Elle a eu six ans au début de l’été, c’est sa première rentrée scolaire. Dans le village, pas d’école maternelle. A six ans, tous les enfants entrent au cours préparatoire.
Sa mère lui a pris la main depuis la maison jusqu’à la porte de l’école :
« Je t’accompagne parce que c’est ton premier jour. Tu connais le chemin mais tu dois te souvenir qu’il faut toujours traverser la rue devant notre maison pour ne jamais passer devant la grille du château. »
La grille monumentale est gardée par un soldat allemand qui l’ouvre pour les voitures militaires. Dans le village, on ne dit pas que c’est la guerre, on dit que c’est l’occupation.Les Allemands sont installés dans cette vaste bâtisse qu’on appelle le château. De la rue, on n’aperçoit que les grands arbres du parc, la toiture émerge à peine des frondaisons. En hiver, on devine les lumières derrière les fenêtres. Le long de la propriété, le trottoir est toujours désert. Elle n’a que six ans mais elle sait bien que tout le monde utilise l’autre trottoir. D’ailleurs, même en passant au large du château, elle sent la tension de ses muscles, un frémissement dans les fesses et les cuisses, comme si elle était prête à s’enfuir en courant. Elle a peur sans savoir pourquoi. Elle a toujours connu les Allemands dans le château et il ne s’est jamais rien passé. Mais elle le sait : il ne faut pas leur parler, pas les regarder. On fait comme s’ils n’existaient pas. C’est comme ça qu’ils font les adultes.
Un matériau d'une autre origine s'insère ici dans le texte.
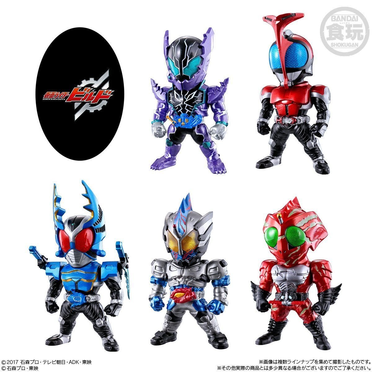 Voici un ensemble de figurines de 6 cm provenant de la franchise Kamen Rider, dixième dans la gamme CONVERGE, qui sera disponible en Juillet prochain. Cet ensemble numéro 10 sera constitué de Kamen Rider Rogue, Kamen Rider Kabuto, Kamen Rider Gatack, Kamen Rider Amazon Neo, Kamen Rider Amazon Alpha et une autre figurine encore inconnue provenant de la série Kamen Rider Build. Cet ensemble sera vendu sous le même principe que les produits Candy Toy. Dans le cas présent, c’est un ensemble de dix figurines où il y a au moins une figurine de chaque de celles qui sont présentées mais où les figurines restantes de l’ensemble sont des exemplaires supplémentaires distribués au hasard.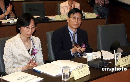 由臺(tái)灣金融研究發(fā)展基金會(huì)、中華經(jīng)濟(jì)研究院與中國(guó)金融學(xué)會(huì)合辦的“第十三屆兩岸金融學(xué)術(shù)研討會(huì)”十六日在臺(tái)北開(kāi)幕,兩岸金融界高層官員會(huì)聚一堂。中國(guó)國(guó)際金融公司總裁兼執(zhí)行長(zhǎng)朱云來(lái)(右)、中國(guó)人民保險(xiǎn)集團(tuán)公司副總經(jīng)理莊超英(左)專(zhuān)程從北京到臺(tái)北出席會(huì)議。 中新社發(fā) 耿軍 攝
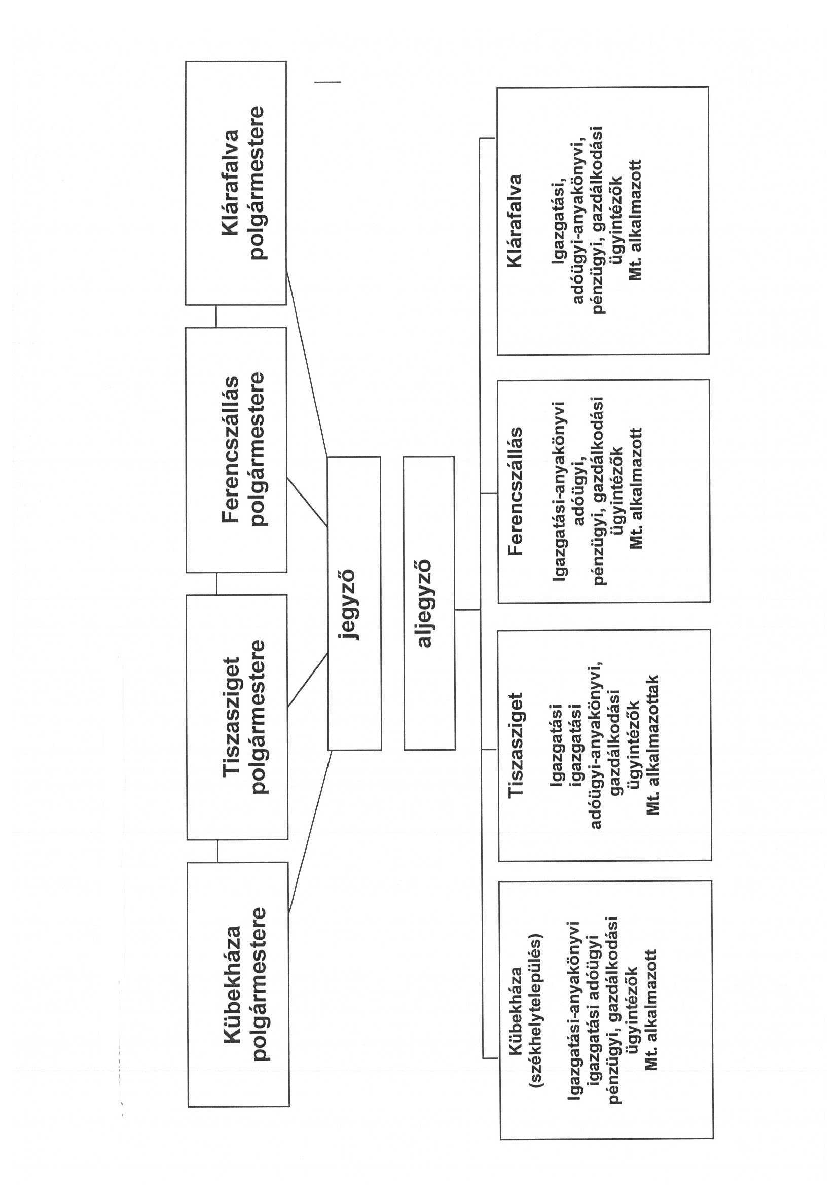 34. § (1) A Képviselő-testület Kübekháza, Ferencszállás és Klárafalva Községi Önkormányzat Képviselő-testületével az igazgatási feladatainak ellátására a Kübekházi Közös Önkormányzati Hivatalt alapította és tartja fenn. A Kübekházi Közös Önkormányzati Hivatal Szervezeti és Működési Szabályzatát a rendelet 2. függeléke tartalmazza.
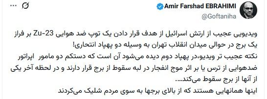 امیرفرشاد ابراهیمی در شبکه اکس نوشتویدیویی عجیب از ارتش اسرائیل از هدف قرار دادن یک توپ ضد هوایی Zu-23 بر فراز یک برج در حوالی میدان انقلاب تهران به وسیله دو پهپاد انتحاری!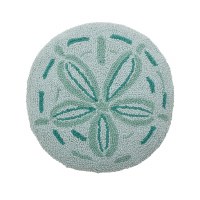 14" Round Green Sand Dollar Shape Decorative Coastal Hooked Pillow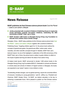 "Accelerating climate changes, such as global warming, require the concerted efforts of everyone, including our young generations,“ said Dr. Jeffrey Lou, President and Chairman, BASF Greater China. “At BASF, we believe education is the key to achieving a sustainable future. We're pleased to publish our first Chinese science picture book with Juvenile & Children's Publishing House and encourage our children to protect our planet by taking concrete actions."

Elle a franchi le portail de l’école et sa mère est repartie à la maison. Elle découvre la cour plantée de tilleuls et cernée de hauts murs. Une volée d’escaliers conduit à la classe. Elle a aimé la salle lumineuse, meublée de tables à deux places et d’un bureau installé sur une estrade. Accroché au mur, un tableau noir. Elle a reniflé l’odeur de craie et effleuré les petits encriers de porcelaine fichés dans les tables. Tout de suite, elle a aimé cette deuxième maison. La maîtresse distribue les places : une deuxième maman qui sent bon l’eau de Cologne.
Dès le premier jour, elle a aimé le cahier, les pages striées de lignes parallèles entre lesquelles les lettres devaient tenir bien droites. Elle a aimé la performance : ne pas dépasser, ne pas tacher ses doigts sur le bas du porte-plume, ne pas emporter trop d’encre dans la plume sinon ! Plouf, une tache. Oui, dès le début, elle a aimé l’école.
La journée commençait toujours par le chant. Toute la classe se rangeait avec Melle Tessier, la maîtresse, devant la photo grise d’un grand-père à moustaches et à képi qu’on appelait le maréchal. Elle avait expliqué que cette année serait consacrée à apprendre le chant à bouche fermée. Elle fredonnait les premières mesures musicales que nous répétions ensemble : Mm,Mm,Mm,…
A Noël, nous l’avions apprise entièrement. A bouche fermée. Chaque matin, nos voix de bourdon résonnaient devant la photo du maréchal.
Il m’a fallu bien des années pour comprendre que cette musique sans paroles était celle de la résistance et de la dignité.